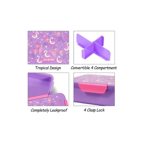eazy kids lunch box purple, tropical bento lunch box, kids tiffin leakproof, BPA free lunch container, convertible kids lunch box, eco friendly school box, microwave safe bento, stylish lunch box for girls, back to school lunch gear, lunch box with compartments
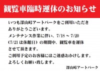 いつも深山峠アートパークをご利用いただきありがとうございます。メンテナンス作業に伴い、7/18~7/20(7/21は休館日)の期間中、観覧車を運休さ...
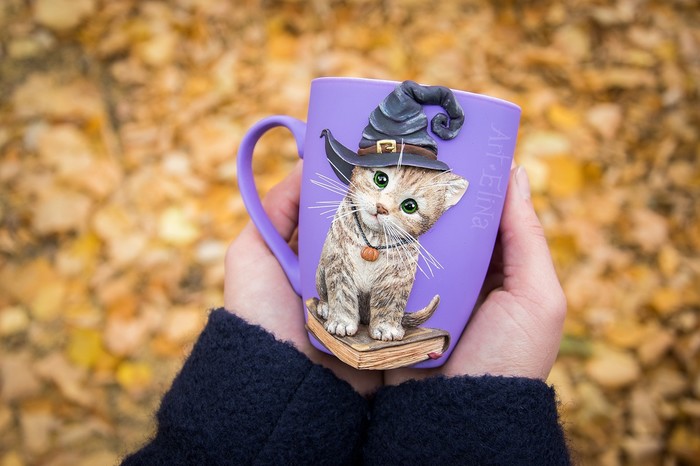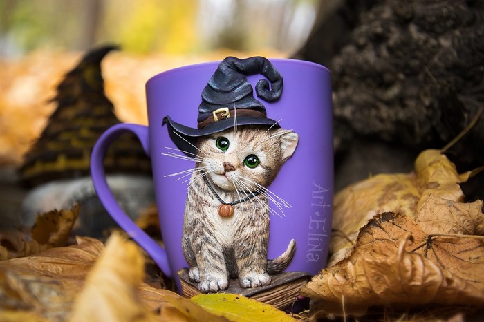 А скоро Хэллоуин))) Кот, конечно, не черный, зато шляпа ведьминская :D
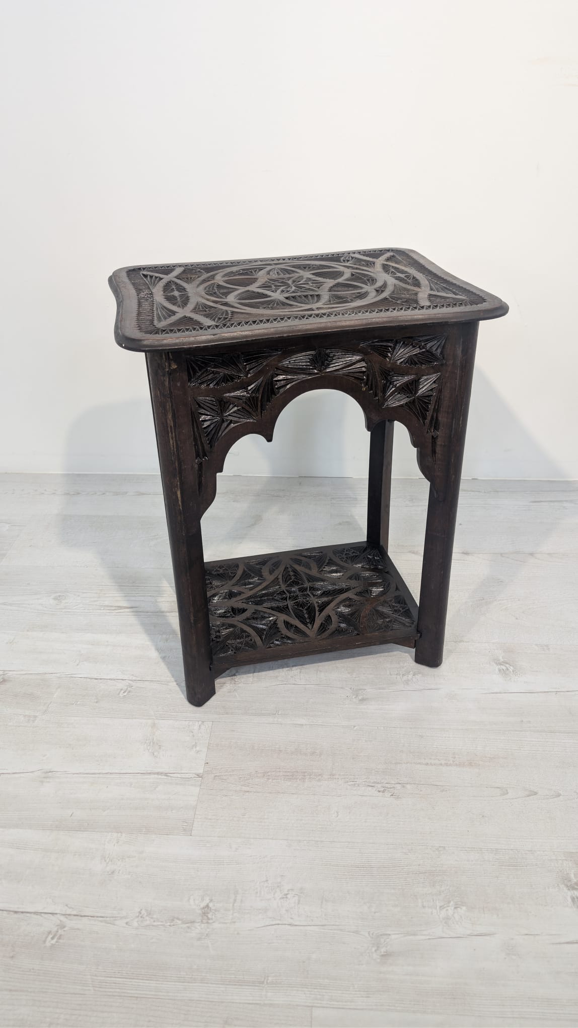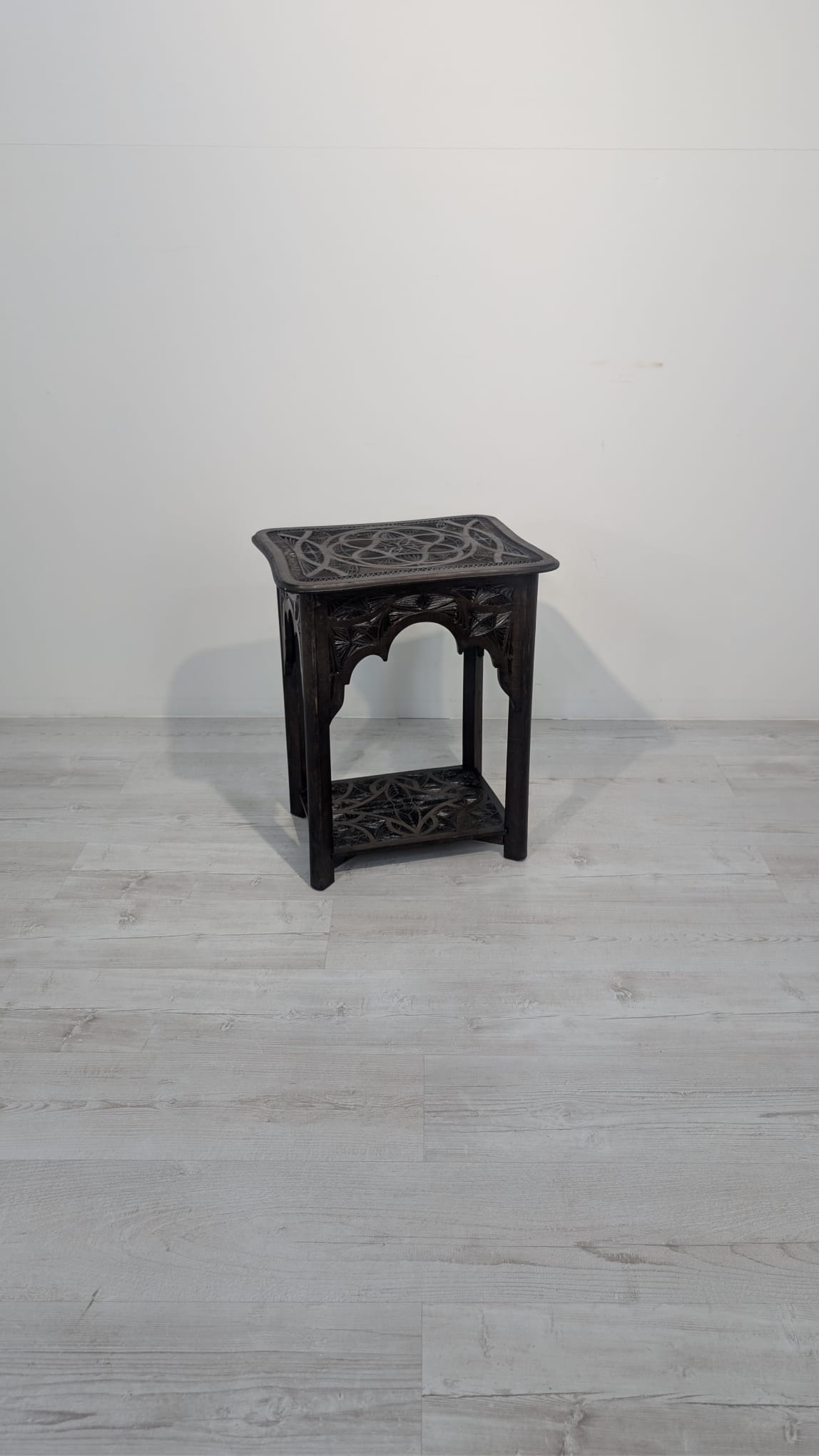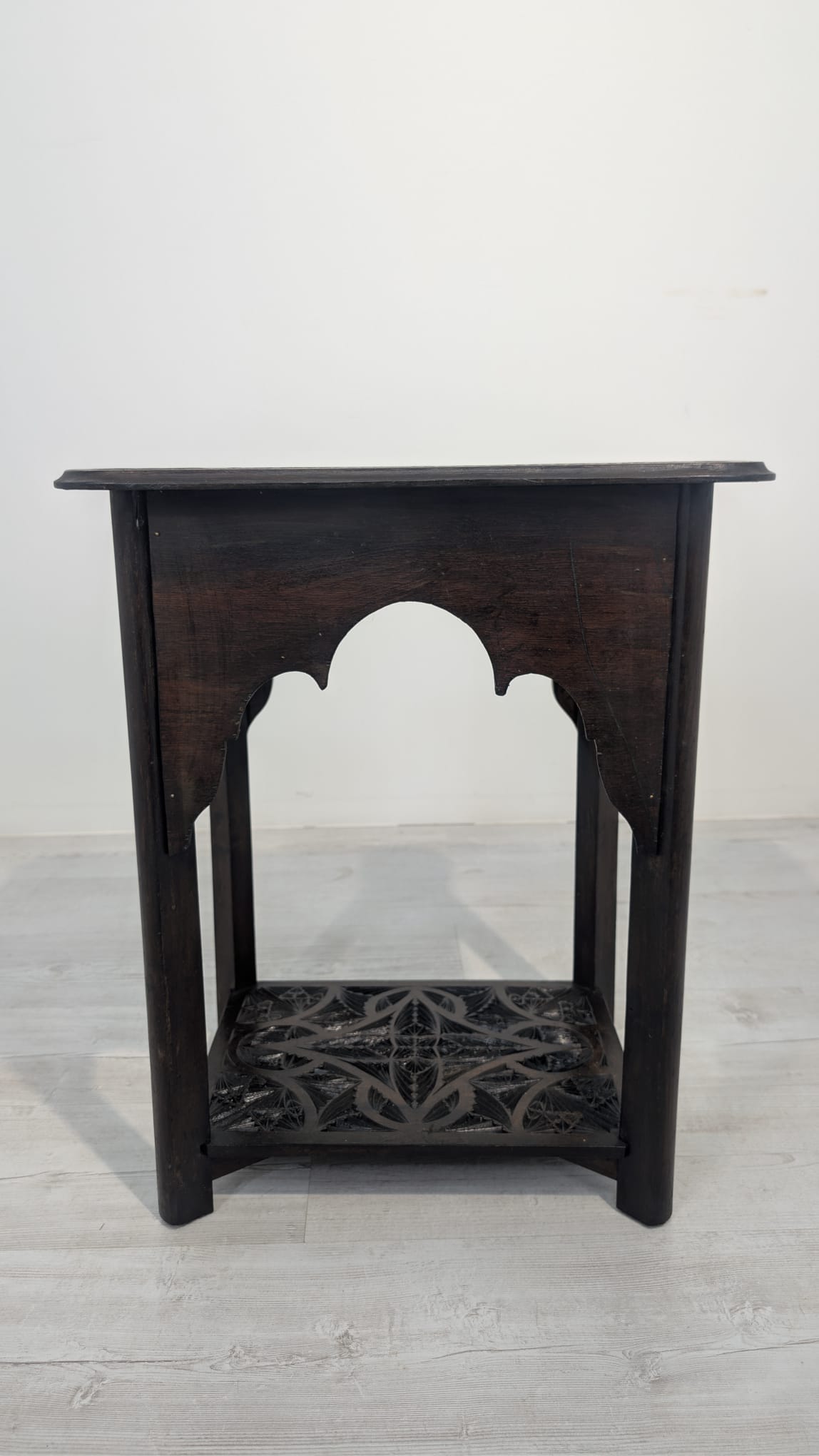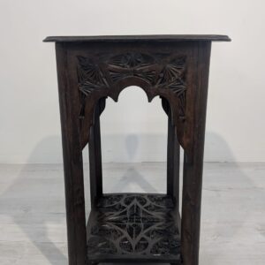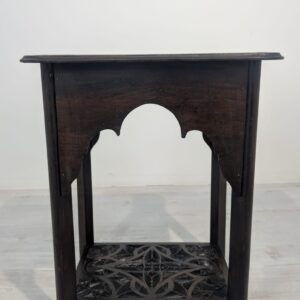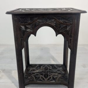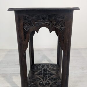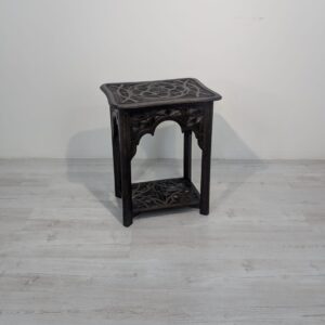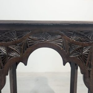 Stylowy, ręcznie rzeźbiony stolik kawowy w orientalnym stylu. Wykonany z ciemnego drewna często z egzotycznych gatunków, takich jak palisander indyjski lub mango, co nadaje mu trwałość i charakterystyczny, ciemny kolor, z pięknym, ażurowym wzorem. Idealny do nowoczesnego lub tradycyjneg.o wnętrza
------
| WORK TO BE COMPLETED |
Omit the pictures and reproduce the remaining material above exactly.

| EXERCISE RESULT |
eazy kids lunch box purple, tropical bento lunch box, kids tiffin leakproof, BPA free lunch container, convertible kids lunch box, eco friendly school box, microwave safe bento, stylish lunch box for girls, back to school lunch gear, lunch box with compartments
 いつも深山峠アートパークをご利用いただきありがとうございます。メンテナンス作業に伴い、7/18~7/20(7/21は休館日)の期間中、観覧車を運休さ...
 А скоро Хэллоуин))) Кот, конечно, не черный, зато шляпа ведьминская :D
 Stylowy, ręcznie rzeźbiony stolik kawowy w orientalnym stylu. Wykonany z ciemnego drewna często z egzotycznych gatunków, takich jak palisander indyjski lub mango, co nadaje mu trwałość i charakterystyczny, ciemny kolor, z pięknym, ażurowym wzorem. Idealny do nowoczesnego lub tradycyjneg.o wnętrza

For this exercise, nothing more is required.